**Source data**:

--------------------

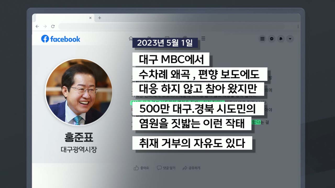 홍 시장은 대구MBC가 여러 차례 왜곡, 편향 보도에도 참아왔지만 500만 대구·경북 시도민의 염원을 짓밟는 작태를 바로 잡겠다며 취재 거부 뜻을 밝혔습니다.
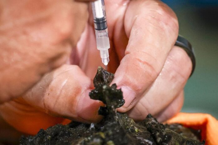 Araştırmacılar, canlı bir balığın zehir bezlerine, ölümcül sıvıyla dolu bir yüksüğü çekerken havluyla tutarak bir şırınga yerleştiriyorlar.
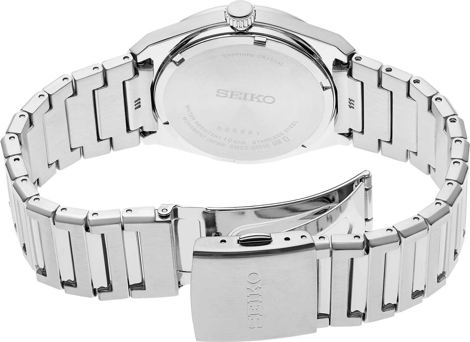 Мужские японские часы Seiko Conceptual Series Dress SUR555P1 с сапфировым стекломСапфировое стеклоПрочный и надёжный материал из кристалла сапфира синтетического происхождения, характеризующийся особой твёрдостью и устойчивостью к царапинам и повреждениям., кварцевый механизм с высокой точностью. Класс водозащиты: 100 метров, позволит плавать, нырять и заниматься другими водными видами спорта. Корпус и браслет часов изготовлен из стали. Стальной браслет на раскладной застёжкеРаскладная застёжкаТакой тип застёжки используется только на браслетах из металла. Она никогда не раскрывается полностью, происходит разделение на 2 и более частей. Раскладывающая застёжка снизит вероятность потери часов к минимуму.. Стрелки и метки с люминесцентным покрытиемЛюминесцентное покрытиеПозволяет считывать показания времени в темноте. Производители наносят на стрелки, часовые индексы, безель или поверхность циферблата светонакопительный состав, дающий холодное свечение. LumiBrite. Окошко даты находится в положении 3 часа.

--------------------

**Work required**: Set down word for word the lines beginning with the one containing "Araştırmacılar, canlı bir" and ending with the last line of the listing, inclusive. Omit every picture.

**The completed task**:
 Araştırmacılar, canlı bir balığın zehir bezlerine, ölümcül sıvıyla dolu bir yüksüğü çekerken havluyla tutarak bir şırınga yerleştiriyorlar.
 Мужские японские часы Seiko Conceptual Series Dress SUR555P1 с сапфировым стекломСапфировое стеклоПрочный и надёжный материал из кристалла сапфира синтетического происхождения, характеризующийся особой твёрдостью и устойчивостью к царапинам и повреждениям., кварцевый механизм с высокой точностью. Класс водозащиты: 100 метров, позволит плавать, нырять и заниматься другими водными видами спорта. Корпус и браслет часов изготовлен из стали. Стальной браслет на раскладной застёжкеРаскладная застёжкаТакой тип застёжки используется только на браслетах из металла. Она никогда не раскрывается полностью, происходит разделение на 2 и более частей. Раскладывающая застёжка снизит вероятность потери часов к минимуму.. Стрелки и метки с люминесцентным покрытиемЛюминесцентное покрытиеПозволяет считывать показания времени в темноте. Производители наносят на стрелки, часовые индексы, безель или поверхность циферблата светонакопительный состав, дающий холодное свечение. LumiBrite. Окошко даты находится в положении 3 часа.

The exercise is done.